Figures and data
Activated anti-tumor immunity of senescent B16-F10 cells in vitro.
(A) Images of senescence-associated β-galactosidase staining of B16-F10 cells (top panel scale bar: 200 μm; bottom panel scale bar: 50 μm). (B) The concentrations of HMGB1 and ATP in the supernatant of untreated cells and STCs. (C)The percentage of CD11c+ MHCII+ DCs after treatment with untreated cells and STCs. (D) The percentage of CD3+ CD8+, CD8+ Granzyme B+, and CD8+ IFN-γ+ T cells after treatment with untreated cells and STCs. (E) The percentage of CD3-NK1.1+, NK1.1+ Granzyme B+, and NK1.1+ IFN-γ+ cells after treatment with untreated cells and STCs. The concentrations of (F) Perforin and (G) Granzyme B in the supernatant of untreated cells and STCs (n=4). Statistical significance was assessed by unpaired Student’s t-test. Data were presented as mean ± SD. Statistical significance was determined as *p < 0.05, **p < 0.01, ***p < 0.001, ****p < 0.0001.

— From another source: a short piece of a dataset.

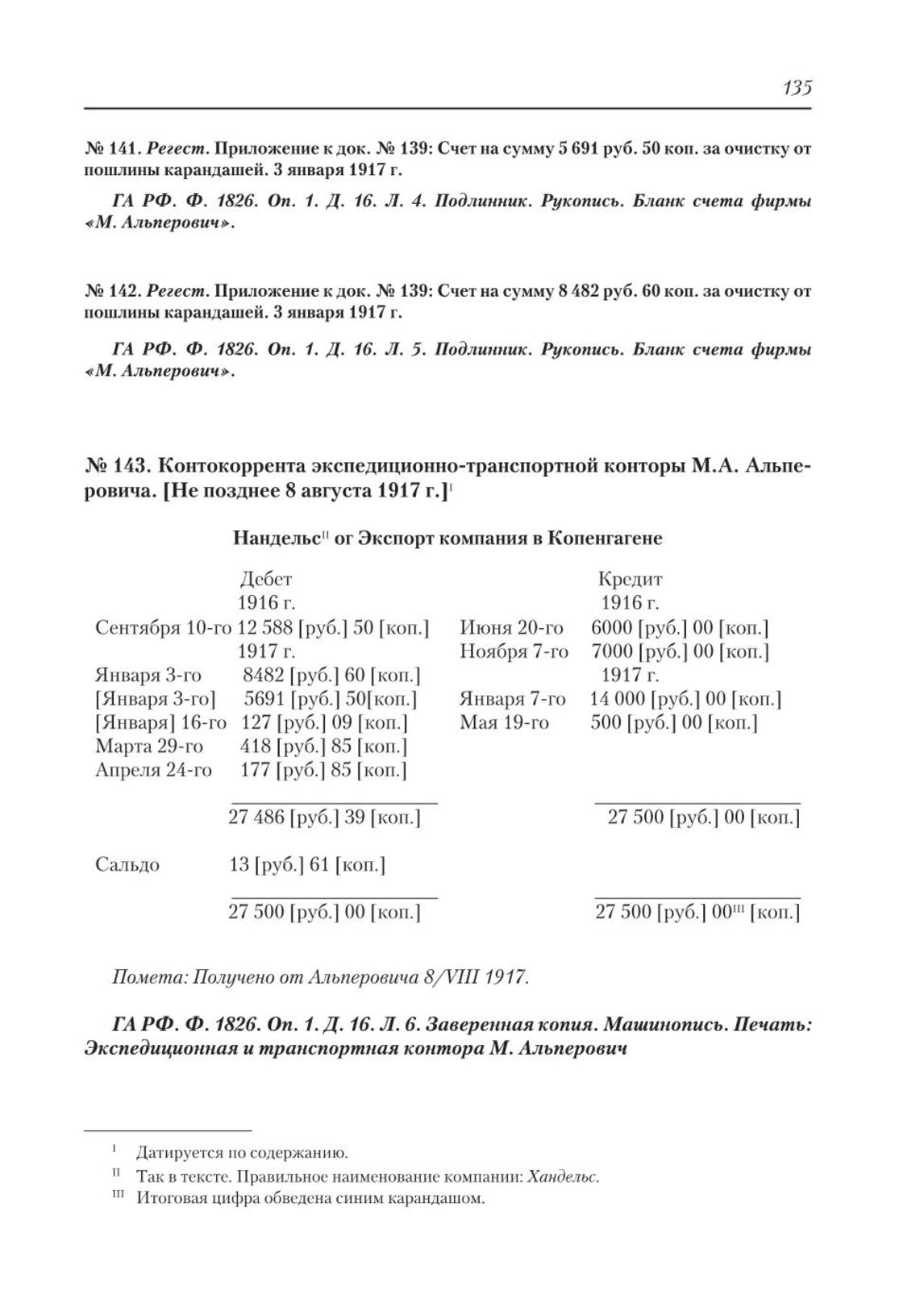 Контокоррента экспедиционно-транспортной конторы М.А. Альперовича. Не позднее 8 августа 1917 г. // ГА РФ. Ф. 1826. Оп. 1. Д. 16. Л. 6. Заверенная копия. Машинопись. Печать: Экспедиционная и транспортная контора М. Альперович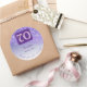 Pegatina Redonda Purpurina morado caído, 70 cumpleaños gracias

Immunization with senescent B16-F10 cells promoted anticancer immunity.
(A) Schedule of STCs treatment in a recurrent melanoma model. Created with BioRender.com. (B) The average tumor volume change of mice treated with different groups (n=5). (C) The tumor weight of the first tumor (n=5). (D) The tumor weight of recurrent tumor (n=4). (E) The percentage of CD3+ CD4+ and CD3+ CD8+ T cells within tumors treated with different groups (n=5). (F) The percentage of CD4+ and CD8+ T cells within spleens of mice treated with different groups (n=3). (G) The percentage of CD3- NK1.1+ and NK1.1+ Granzyme B+ cells within spleens of mice treated with different groups (n=3). Statistical significance was assessed by one-way ANOVA and Tukey multiple comparisons tests. Data were presented as mean ± SD. Statistical significance was determined as *p < 0.05, **p < 0.01, ***p < 0.001, ****p < 0.0001.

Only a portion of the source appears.